Many advances in computer science come from the discovery of a relevant coding system in order to make the coded object (number, image, sound, etc.) easily computable. Now we want to make concepts or categories – linguistic meaning – systematically computable. In order to understand how IEML can solve this problem, we must recall a number of semiological principles.
Linguistic versus referential meaning
Meaning circulates between three poles: the sign, the interpreter and the referent.
The sign is what represents or indicates.
The referent is the object of the sign, what is represented or indicated.
The interpreter – a subjectivity, a mind, a self-referential process – is the person for whom the sign represents the referent. A sign must be recognized for such and interpreted in a certain context in order to point to its referent.
Symbols, especially linguistic symbols, are particular types of signs that are divided into two parts related to each other: a signifier (a sound, image, gesture, etc.) and a signified (a general category). While the relationship between sign and referent depends largely on context and interpretation, the correspondence between signifier and signified (internal to the sign) is fixed by a linguistic convention. It does not depend on our personal interpretation that the sound « horse » refers to a domestic animal capable of galloping: it depends on the English language. It is thanks to this relatively fixed convention that the linguistic code enable communication and the accumulation of a collective memory.

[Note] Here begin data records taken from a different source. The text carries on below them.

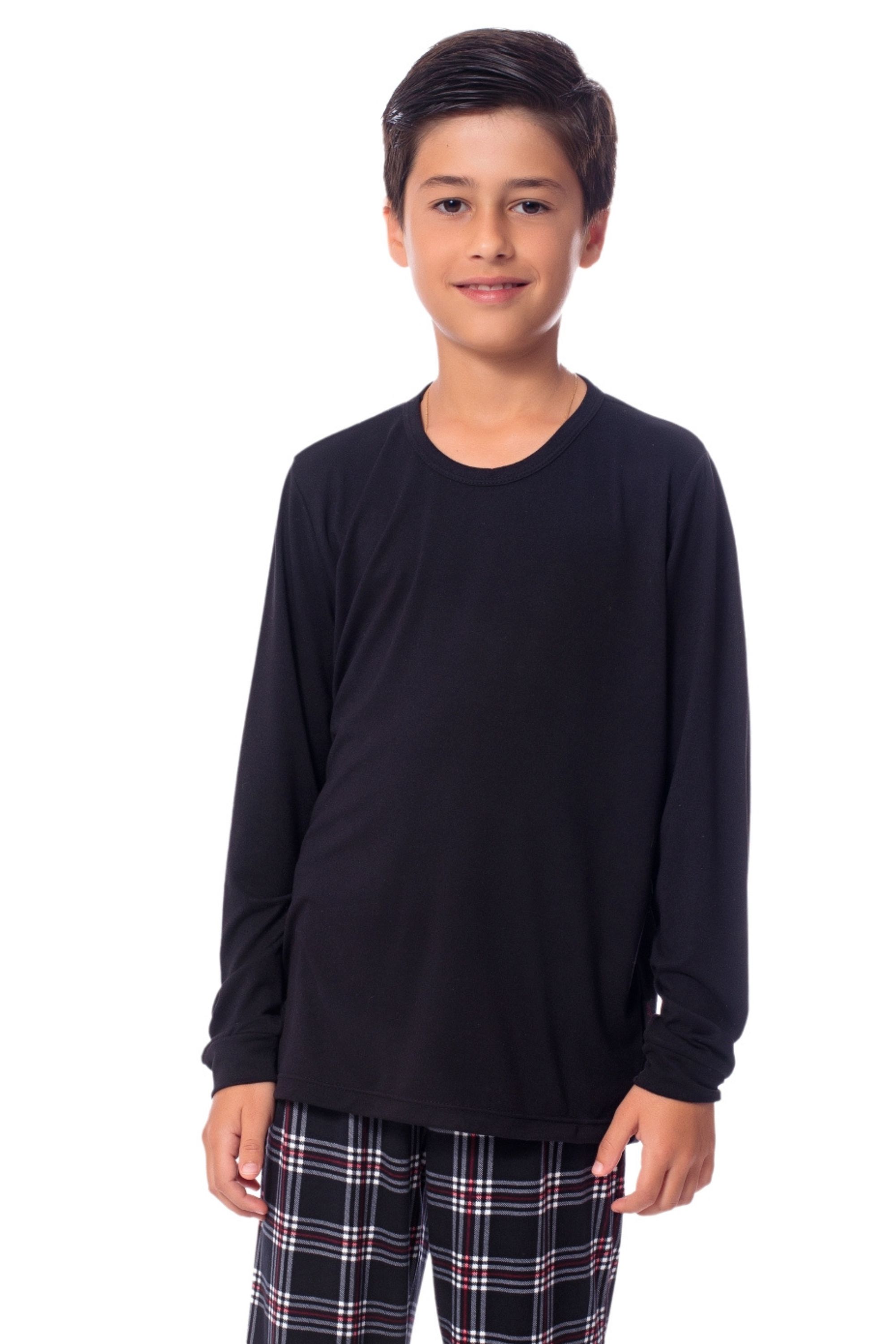 O pijama VALENTIM infantil foi desenvolvido para complementar a família, pois está disponível também na versão adulta para homens e mulheres. A malha utilizada no desenvolvimento deste produto foi o suede light, que tem um toque de pele de pêssego, o que torna este pijama extremamente macio e aconchegante. *Imagem ilustrativa da estampa xadrez marinho. A venda do modelo adulto é feita separadamente.
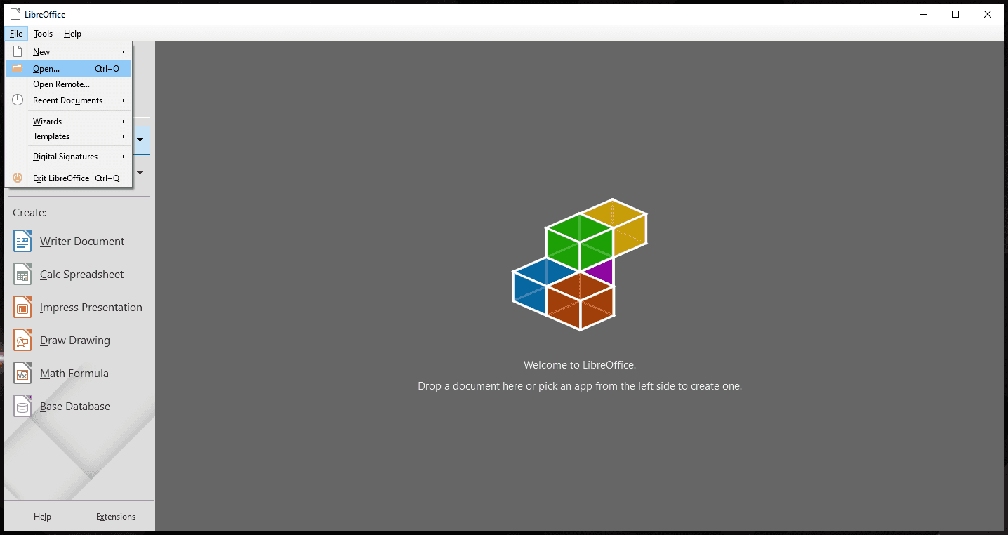 Figure 18: Navigation flow menu in LibreOffice to open the CSV file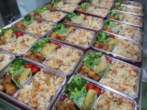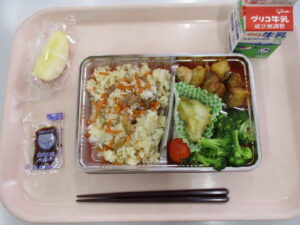 給食センターでは、人参ごはん、ホキのレモン風味、さつまいもの天ぷら、ゆでブロッコリー、ミニトマトを準備しました。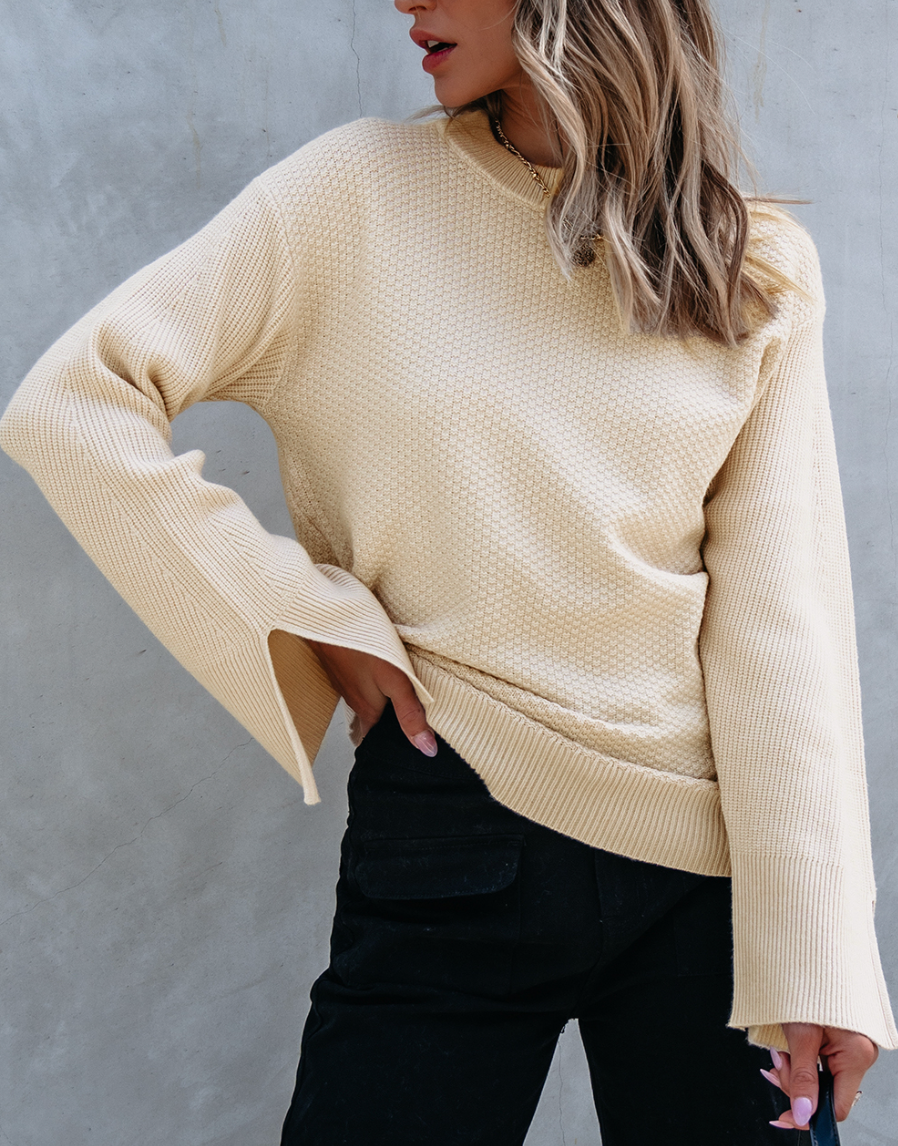 The loose fit and drop shoulder design create a relaxed, laid-back silhouette, while the split cuffs add a subtle touch of flair and elevate this classic sweater beyond basic. Ribbed sleeves contrast beautifully against the waffle-knit body, making it a standout yet versatile piece that pairs with literally anything. From office meetings to weekend brunches or cocktail evenings, this sweater layers effortlessly with necklaces, rings, and your favourite accessories.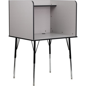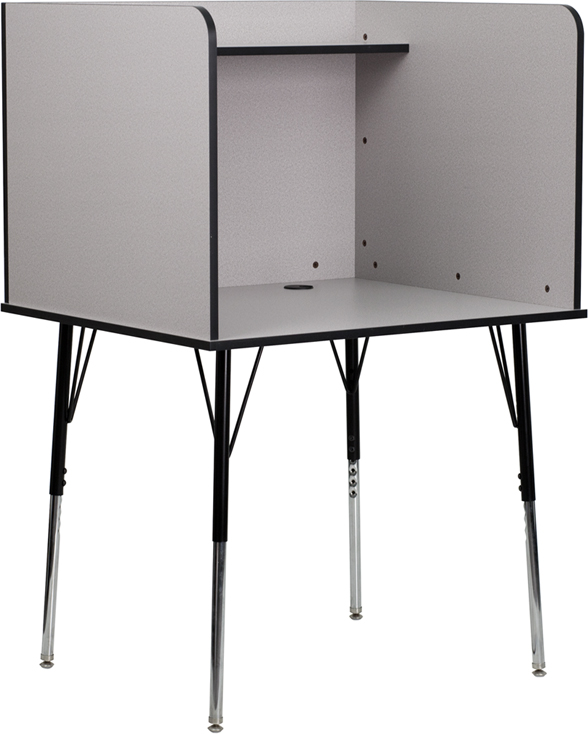 - This adjustable study carrel by Flash Furniture can be used in a variety of environments for both students and adults. The solitude of a study carrel makes this the perfect option for libraries, computer labs, training labs or any other environment where individual concentration is required. This floor carrel features a large work surface to accommodate a computer monitor or laptop with room for books and paperwork and extra items can be placed on the top shelf. The adjustable legs make this ideal for all grade levels to adjust from elementary to high school sized children.

Although they work together in practical situations, it is important to distinguish logically between referential meaning and linguistic meaning. Referential meaning points to the relationship between a symbol and its referent (an « external » object in a particular context). In contrast, linguistic meaning is a relation – « internal » to the symbol – between its material part (a sound, image, gesture), and its conceptual part (a category). IEML solves the problem of coding the linguistic meaning in a computable way.
IEML is simultaneously a regular language, a philological language and a virtual database.

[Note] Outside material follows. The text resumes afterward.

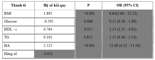 Tiến hành phân tích hồi quy logistic với các biến này ta có bảng hồi quy logistic những yếu tố góp phần tăng acid uric như sau: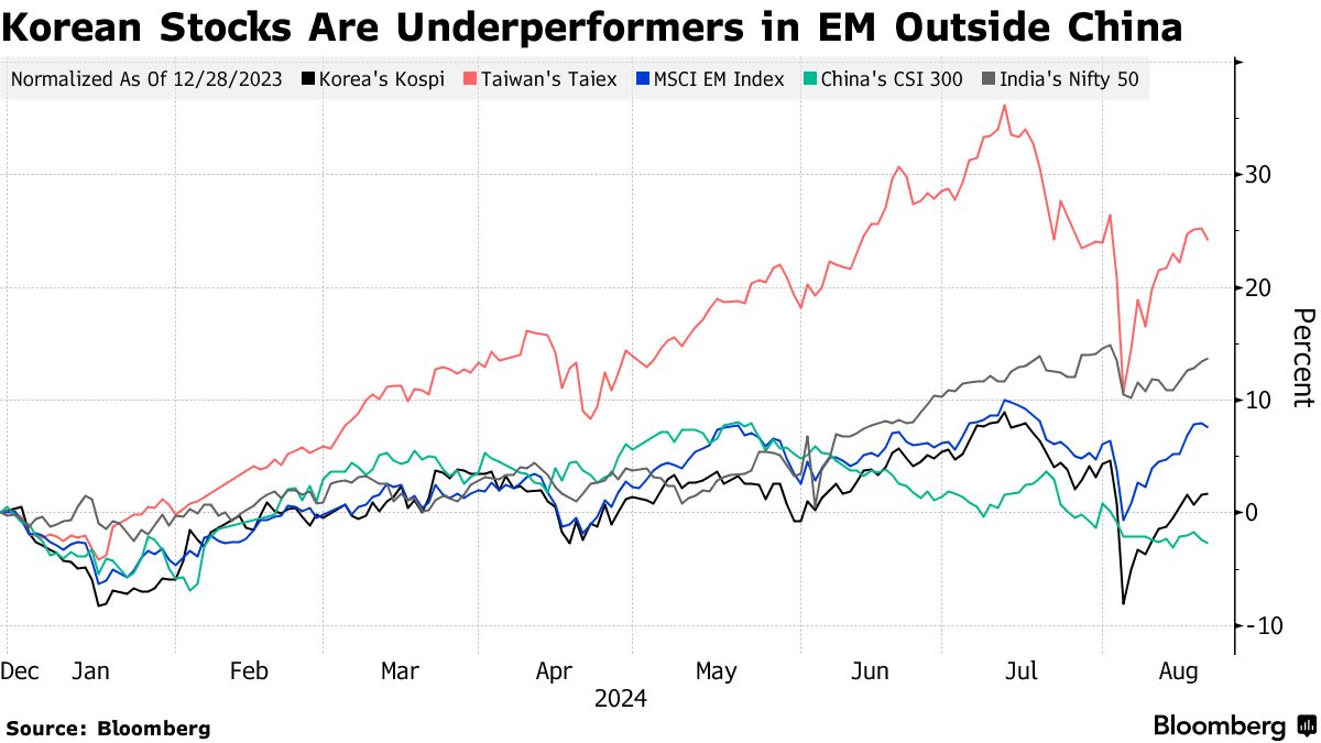 2024年, 韩国综合指数上涨不到2%,落后于台湾加权指数的24%涨幅和印度Nifty 50指数的14%涨幅。韩国基准股指的 表现不佳主要是由于该国最大股票三星电子的拖累,其股价在今年持平,因其在AI芯片业务上面临增长困难。

In order to solve the problem of coding the linguistic meaning we use a regular language as a system of signifiers for IEML. Furthermore we establish – by convention and by construction – that in IEML the relations between signifieds are calculable functions of the relations between the corresponding signifiers. Since the relations between signifiers in IEML are computable (it is a regular language), the relations between its signifieds are also computable. It is thus thanks to its algebraic system of signifiers and by virtue of an ideographic parallelism between signifier and signified that IEML has a computable linguistic semantics.
IEML is created from 6 primitive symbols which are combined using regular functions to generate about 3000 elements. A grammar – also completely regular – is then used to build words and sentences from these elements. The IEML elements, words, sentences and the semantic relationships between these grammatical units are generated by programmable functions.

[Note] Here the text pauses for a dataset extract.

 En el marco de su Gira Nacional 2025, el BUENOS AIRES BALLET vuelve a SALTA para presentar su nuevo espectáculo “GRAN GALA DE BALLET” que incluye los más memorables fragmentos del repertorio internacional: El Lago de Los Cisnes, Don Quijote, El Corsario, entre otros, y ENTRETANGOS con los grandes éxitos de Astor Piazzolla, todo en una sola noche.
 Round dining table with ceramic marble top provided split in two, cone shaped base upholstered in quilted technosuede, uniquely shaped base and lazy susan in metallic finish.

Just as the human memory is organized by natural languages, computer memory could be organized by a linguistic code adapted to its mechanical nature, such as IEML. According to the semiotic theory on which it is based, IEML clearly distinguishes the notation of categories (in the form of semantic metadata) from the notation of references (in the form of data). Furthermore, IEML has a notation that assigns data to categories. IEML functions as a virtual database whose indexing system is a language with computable semantics. This computability of the language includes the ability to program sets of categories and semantic relations.